----- INFORMATION GIVEN -----

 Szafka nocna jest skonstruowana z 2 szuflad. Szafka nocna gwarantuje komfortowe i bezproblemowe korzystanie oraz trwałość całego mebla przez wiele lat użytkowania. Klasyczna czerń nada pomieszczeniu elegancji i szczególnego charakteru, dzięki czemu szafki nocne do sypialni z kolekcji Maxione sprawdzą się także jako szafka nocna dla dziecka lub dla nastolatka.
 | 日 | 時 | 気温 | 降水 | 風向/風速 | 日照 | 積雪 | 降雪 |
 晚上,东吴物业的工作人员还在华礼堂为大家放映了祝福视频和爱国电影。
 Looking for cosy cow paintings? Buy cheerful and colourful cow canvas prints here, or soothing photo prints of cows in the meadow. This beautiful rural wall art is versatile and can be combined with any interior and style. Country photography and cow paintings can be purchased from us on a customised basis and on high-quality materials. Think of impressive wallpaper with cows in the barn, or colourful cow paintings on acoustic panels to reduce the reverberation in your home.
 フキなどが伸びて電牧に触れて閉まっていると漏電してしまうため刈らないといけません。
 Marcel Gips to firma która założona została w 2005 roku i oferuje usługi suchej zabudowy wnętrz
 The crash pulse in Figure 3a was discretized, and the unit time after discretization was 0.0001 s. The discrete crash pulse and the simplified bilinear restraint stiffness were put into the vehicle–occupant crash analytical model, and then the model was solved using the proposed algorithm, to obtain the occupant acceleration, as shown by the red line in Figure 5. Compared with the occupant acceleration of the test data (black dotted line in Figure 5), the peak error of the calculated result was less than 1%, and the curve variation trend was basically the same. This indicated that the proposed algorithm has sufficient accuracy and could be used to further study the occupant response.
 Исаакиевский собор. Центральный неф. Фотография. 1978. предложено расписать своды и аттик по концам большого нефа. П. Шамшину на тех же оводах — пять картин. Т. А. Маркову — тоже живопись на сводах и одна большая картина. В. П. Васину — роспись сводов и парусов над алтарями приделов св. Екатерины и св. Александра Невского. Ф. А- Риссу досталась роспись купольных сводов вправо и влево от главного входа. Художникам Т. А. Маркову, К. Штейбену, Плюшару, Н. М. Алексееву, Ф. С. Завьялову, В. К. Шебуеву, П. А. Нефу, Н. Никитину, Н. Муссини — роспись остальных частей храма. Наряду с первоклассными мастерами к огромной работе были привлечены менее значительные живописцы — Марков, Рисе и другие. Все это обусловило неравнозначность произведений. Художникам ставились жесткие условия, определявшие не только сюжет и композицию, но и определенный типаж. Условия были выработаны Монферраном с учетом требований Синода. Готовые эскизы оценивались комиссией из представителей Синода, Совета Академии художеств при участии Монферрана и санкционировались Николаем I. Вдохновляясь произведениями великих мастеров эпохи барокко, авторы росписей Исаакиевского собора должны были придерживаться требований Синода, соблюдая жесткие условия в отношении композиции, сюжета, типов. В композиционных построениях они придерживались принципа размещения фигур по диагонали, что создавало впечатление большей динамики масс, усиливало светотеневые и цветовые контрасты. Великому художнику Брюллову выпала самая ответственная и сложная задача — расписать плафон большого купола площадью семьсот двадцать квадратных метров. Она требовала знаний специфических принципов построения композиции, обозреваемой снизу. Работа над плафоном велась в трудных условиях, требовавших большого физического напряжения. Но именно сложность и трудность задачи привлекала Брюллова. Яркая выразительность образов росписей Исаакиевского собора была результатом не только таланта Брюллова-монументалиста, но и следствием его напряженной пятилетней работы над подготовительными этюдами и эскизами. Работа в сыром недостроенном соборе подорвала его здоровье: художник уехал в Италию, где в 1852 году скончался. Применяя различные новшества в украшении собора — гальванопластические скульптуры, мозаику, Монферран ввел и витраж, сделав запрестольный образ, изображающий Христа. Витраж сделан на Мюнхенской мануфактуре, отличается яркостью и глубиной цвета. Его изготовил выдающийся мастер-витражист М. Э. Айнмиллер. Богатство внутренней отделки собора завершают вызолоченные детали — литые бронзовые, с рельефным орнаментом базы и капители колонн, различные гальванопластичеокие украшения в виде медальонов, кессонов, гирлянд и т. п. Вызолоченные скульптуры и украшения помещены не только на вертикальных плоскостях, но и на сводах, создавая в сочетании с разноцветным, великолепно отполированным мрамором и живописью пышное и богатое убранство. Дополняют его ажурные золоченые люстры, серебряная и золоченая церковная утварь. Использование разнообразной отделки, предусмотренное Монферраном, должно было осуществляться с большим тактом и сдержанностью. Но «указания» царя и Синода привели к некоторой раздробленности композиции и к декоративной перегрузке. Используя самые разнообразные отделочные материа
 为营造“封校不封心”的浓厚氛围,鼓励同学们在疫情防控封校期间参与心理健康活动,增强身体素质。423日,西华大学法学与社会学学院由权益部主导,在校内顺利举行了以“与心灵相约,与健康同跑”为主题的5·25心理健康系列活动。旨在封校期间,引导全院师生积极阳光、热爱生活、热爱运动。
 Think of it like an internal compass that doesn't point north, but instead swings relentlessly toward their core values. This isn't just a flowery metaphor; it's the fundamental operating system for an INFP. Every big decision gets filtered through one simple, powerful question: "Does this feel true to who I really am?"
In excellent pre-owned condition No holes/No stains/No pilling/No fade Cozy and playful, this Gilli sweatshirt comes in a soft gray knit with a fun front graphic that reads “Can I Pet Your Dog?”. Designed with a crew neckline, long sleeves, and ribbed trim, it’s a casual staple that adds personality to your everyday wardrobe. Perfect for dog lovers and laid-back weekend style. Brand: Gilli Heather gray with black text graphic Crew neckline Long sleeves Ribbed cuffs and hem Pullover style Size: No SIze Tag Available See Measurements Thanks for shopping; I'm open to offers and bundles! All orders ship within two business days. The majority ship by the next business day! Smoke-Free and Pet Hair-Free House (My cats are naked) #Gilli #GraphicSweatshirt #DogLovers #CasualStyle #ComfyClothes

-----

ACTIVITY: Give back precisely the lines above that start at the line containing "フキなどが伸びて電牧に触れて" and end at the line containing "Marcel Gips to", inclusive. No other lines belong in the output.

PROBLEM SOLUTION:
 フキなどが伸びて電牧に触れて閉まっていると漏電してしまうため刈らないといけません。
 Marcel Gips to firma która założona została w 2005 roku i oferuje usługi suchej zabudowy wnętrz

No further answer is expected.